Supplied records.
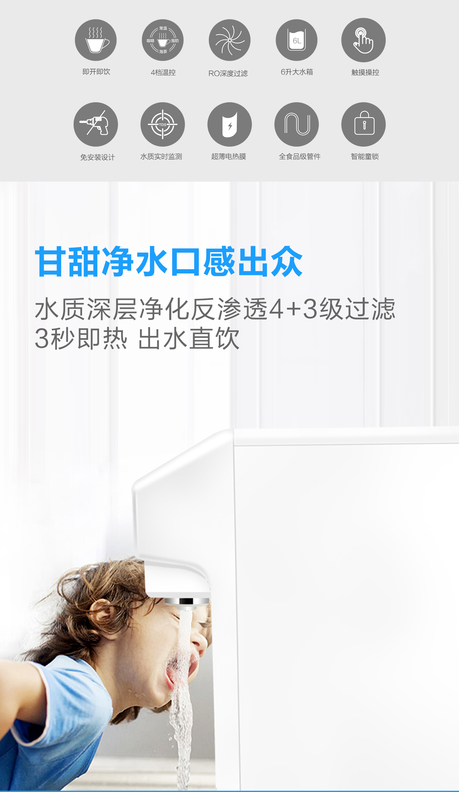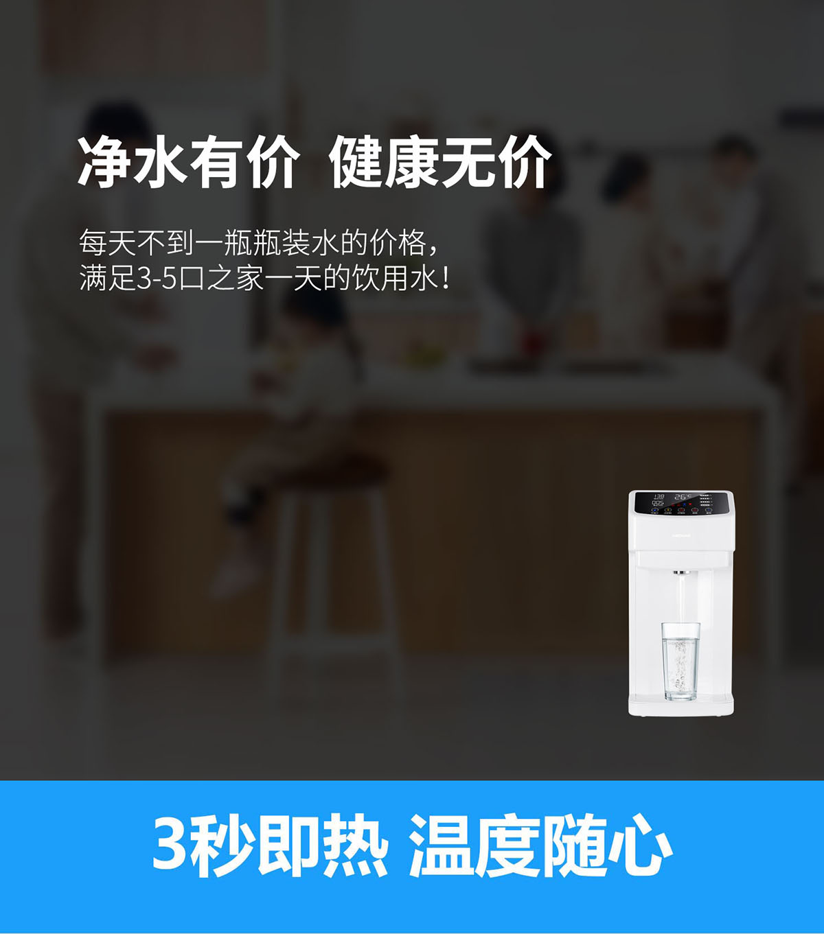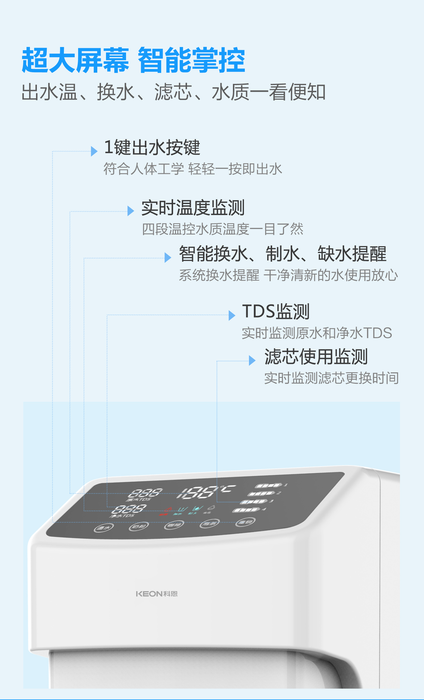 3秒速熱,4檔溫控(常溫、泡奶、沖咖啡、泡茶),一鍵操作,方便快捷
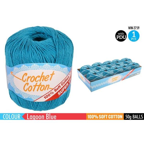 Lagoon Blue 100% Soft Cotton Crochet - 50g
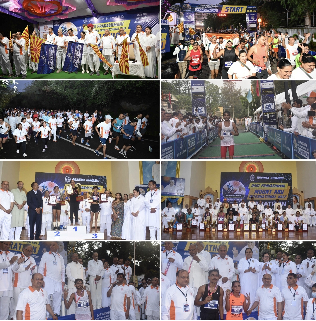 आबूरोड। 7वीं दादी प्रकाशमणि आबू इंटरनेशनल हाफ मैराथन में रविवार को सात देशों के 2700 धावकों ने आबूरोड से माउंट आबू के लिए 21.9 किमी की दौड़ लगाई। मैराथन के नियत समय साढ़े तीन घंटे की अवधि में दो हजार धावक फिनिशिंग पाइंट तक पहुंचे। वहीं 700 धावक आधी दौड़ ही पूरी कर पाए। ब्रह्माकुमारीज़ संस्थान की पूर्व मुख्य प्रशासिका राजयोगिनी दादी प्रकाशमणि की 18वीं पुण्यतिथि (25 अगस्त) विश्व बंधुत्व दिवस के उपलक्ष्य में इस मैराथन का आयोजन किया गया।
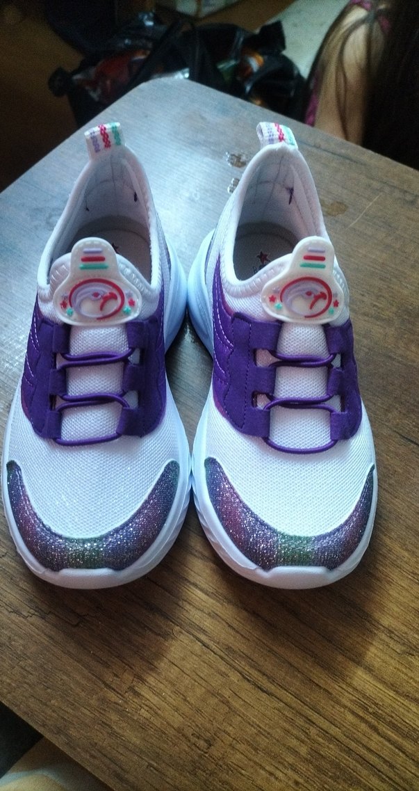 Mor renkli, bağcıksız kız çocuk spor ayakkabısı. Renkli batik desen
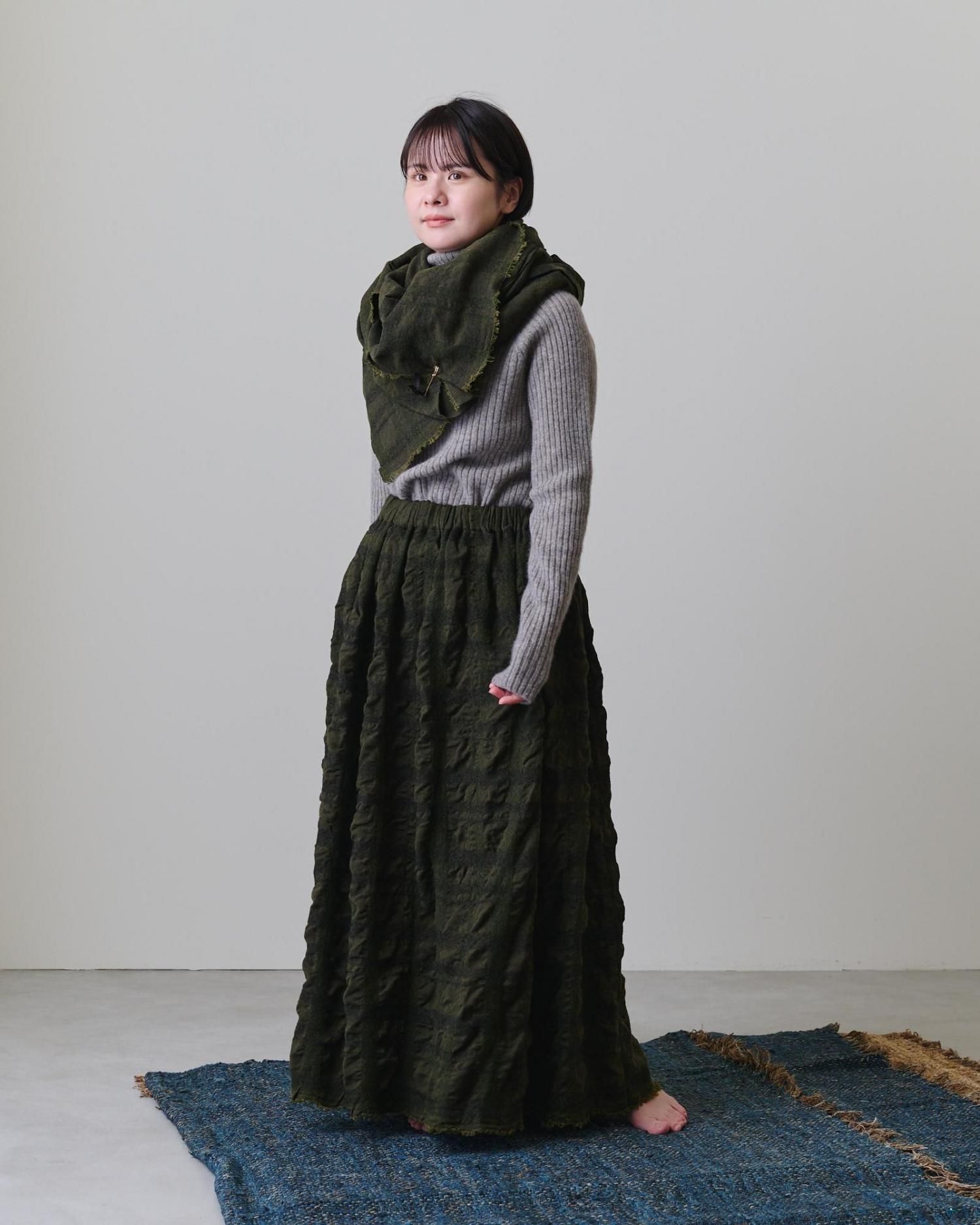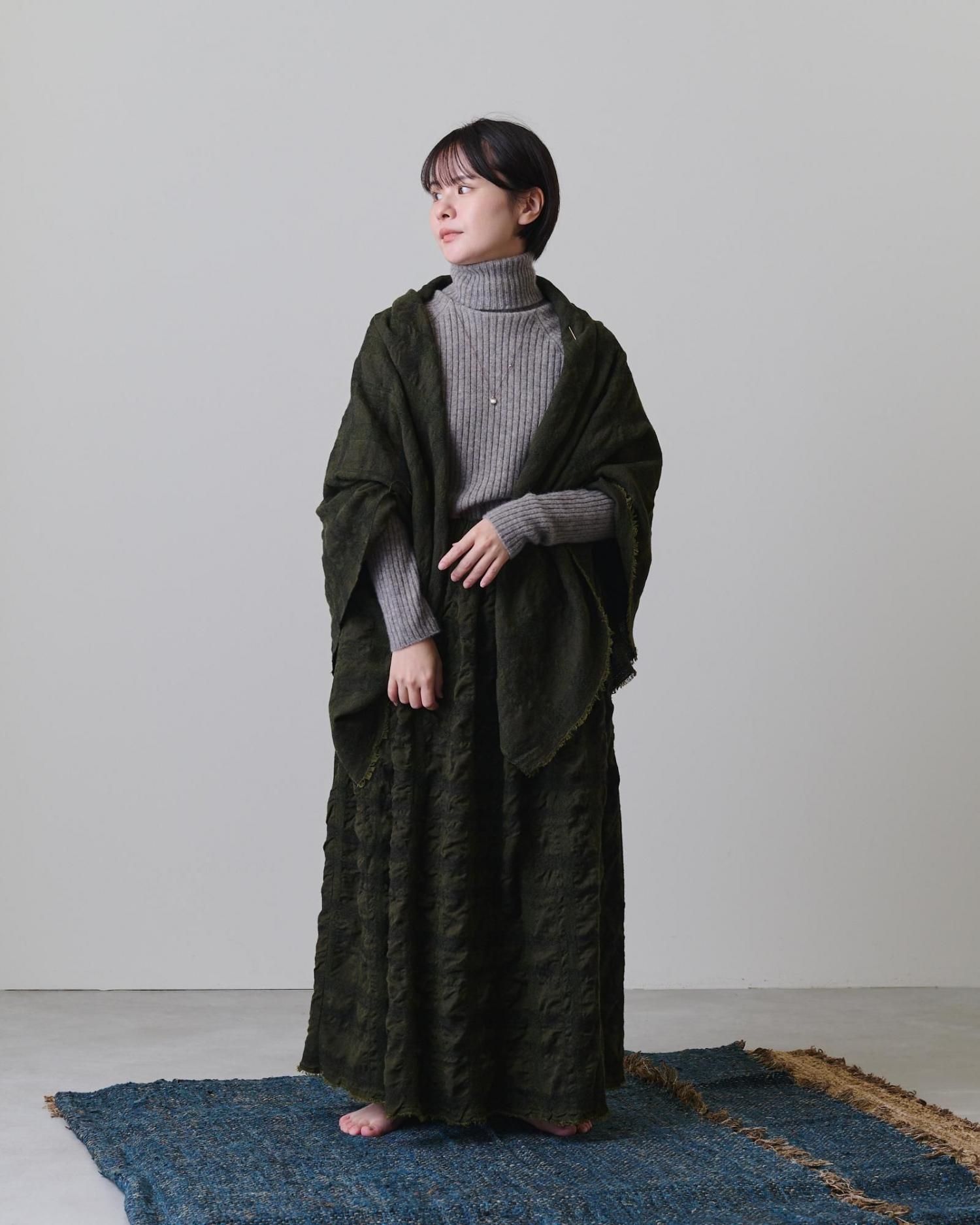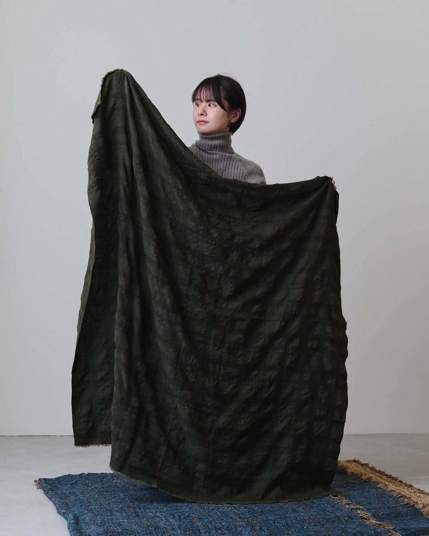 大判サイズのストールは、肩から掛けたり、首元に巻いたり、応用範囲の広さが魅力。

Work item.
Each entry should be copied exactly as written, though any pictures stay out.

Written response.
 3秒速熱,4檔溫控(常溫、泡奶、沖咖啡、泡茶),一鍵操作,方便快捷
 Lagoon Blue 100% Soft Cotton Crochet - 50g
 आबूरोड। 7वीं दादी प्रकाशमणि आबू इंटरनेशनल हाफ मैराथन में रविवार को सात देशों के 2700 धावकों ने आबूरोड से माउंट आबू के लिए 21.9 किमी की दौड़ लगाई। मैराथन के नियत समय साढ़े तीन घंटे की अवधि में दो हजार धावक फिनिशिंग पाइंट तक पहुंचे। वहीं 700 धावक आधी दौड़ ही पूरी कर पाए। ब्रह्माकुमारीज़ संस्थान की पूर्व मुख्य प्रशासिका राजयोगिनी दादी प्रकाशमणि की 18वीं पुण्यतिथि (25 अगस्त) विश्व बंधुत्व दिवस के उपलक्ष्य में इस मैराथन का आयोजन किया गया।
 Mor renkli, bağcıksız kız çocuk spor ayakkabısı. Renkli batik desen
 大判サイズのストールは、肩から掛けたり、首元に巻いたり、応用範囲の広さが魅力。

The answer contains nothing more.